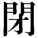 {動}とじる(トヅ)。とざす。とびらをあわせて入り口をしめる。入り口がしまる。ぴたりとくっつけて間をふさぐ。〈対語〉→開。〈類義語〉→関・→闔コウ。「禁閉」「密閉」「閉府庫=府庫ヲ閉ヅ」〔→左伝〕
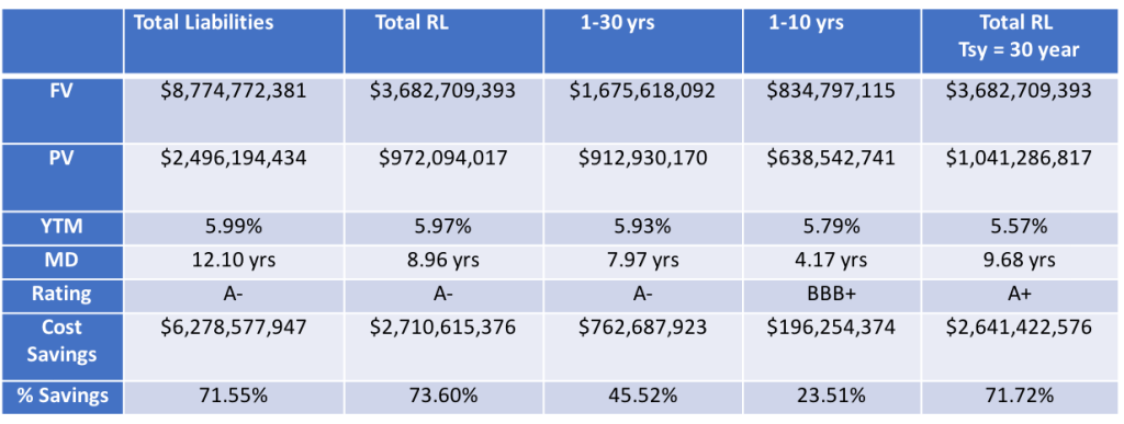 If securing all of the RLL is not a desired goal at this time, we can defease any series of years that you desire. Again, in the table below, we have defeased liabilities for 10- and 30-years. The cost savings reduction is quite meaningful. The cost savings will always be more robust the longer the maturity of the program. Bond math is very straightforward: the longer the maturity and higher the yield, the lower the cost.
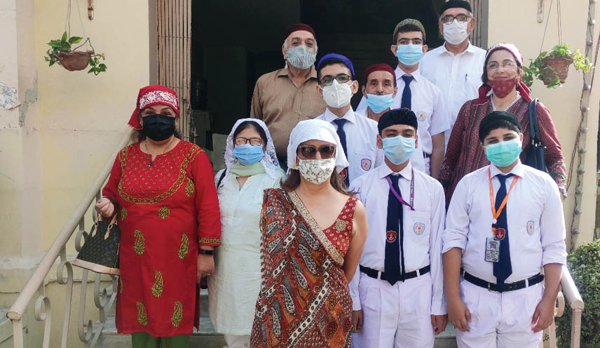 Commencing the celebrations, the school priest, Er. Rohinton Mirza offered the Tandarosti Prayers, praying for everyone’s good health. The students sprinkled rose water and showed a mirror to all who came to see the beautifully decorated table, repeating the phrase, “Ghulab jewa pamarta rhejo, Aarsi jewa chamakta rhejo!” (meaning ‘May you always smell sweet like a rose and shine like a mirror’.) In keeping with the mandatory need for social distancing, no one shook hands or hugged each other, but the heartfelt and joyful greetings with elbow bumps, more than made up for the affection!
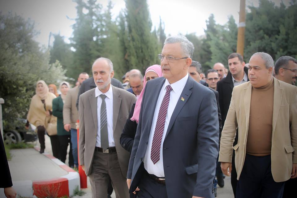 وكان في إستقبال المحافظ أبو بكر والوفد المرافق، مدير فرع جامعة خضوري في العروب د. مهيب أبو لوحه، والكادر الأكاديمي والإداري، ووجهاء الخليل.
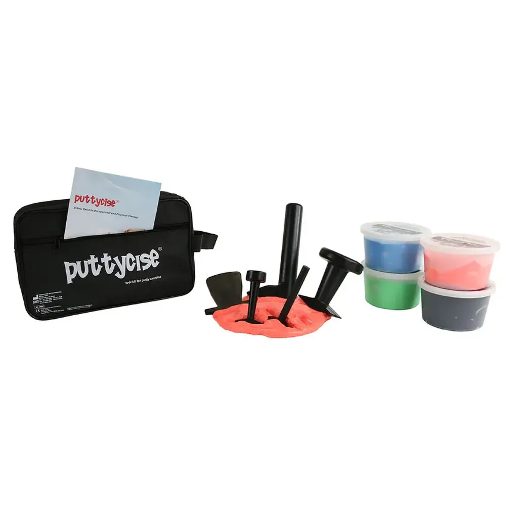 There's a new twist in hand therapy. Puttycise® is great for use with Theraputty® to increase function and versatility. 5 piece tool set includes the cap turn, key turn, knob turn, L-bar, and peg turn. Each tool helps simulate various functions to help with everyday life. Kit includes carry bag and Theraputty® exercise material as specified in product title.While we aim to supply accurate product information, it is sourced by manufacturers, suppliers and marketplace sellers, and has not been provided by Overstock.

#### [What this task involves]
The reply should hold the entries above from the line with "If securing all" to the line with "وكان في إستقبال", duplicated exactly, pictures excluded.

#### [Exercise response]
 If securing all of the RLL is not a desired goal at this time, we can defease any series of years that you desire. Again, in the table below, we have defeased liabilities for 10- and 30-years. The cost savings reduction is quite meaningful. The cost savings will always be more robust the longer the maturity of the program. Bond math is very straightforward: the longer the maturity and higher the yield, the lower the cost.
 Commencing the celebrations, the school priest, Er. Rohinton Mirza offered the Tandarosti Prayers, praying for everyone’s good health. The students sprinkled rose water and showed a mirror to all who came to see the beautifully decorated table, repeating the phrase, “Ghulab jewa pamarta rhejo, Aarsi jewa chamakta rhejo!” (meaning ‘May you always smell sweet like a rose and shine like a mirror’.) In keeping with the mandatory need for social distancing, no one shook hands or hugged each other, but the heartfelt and joyful greetings with elbow bumps, more than made up for the affection!
 وكان في إستقبال المحافظ أبو بكر والوفد المرافق، مدير فرع جامعة خضوري في العروب د. مهيب أبو لوحه، والكادر الأكاديمي والإداري، ووجهاء الخليل.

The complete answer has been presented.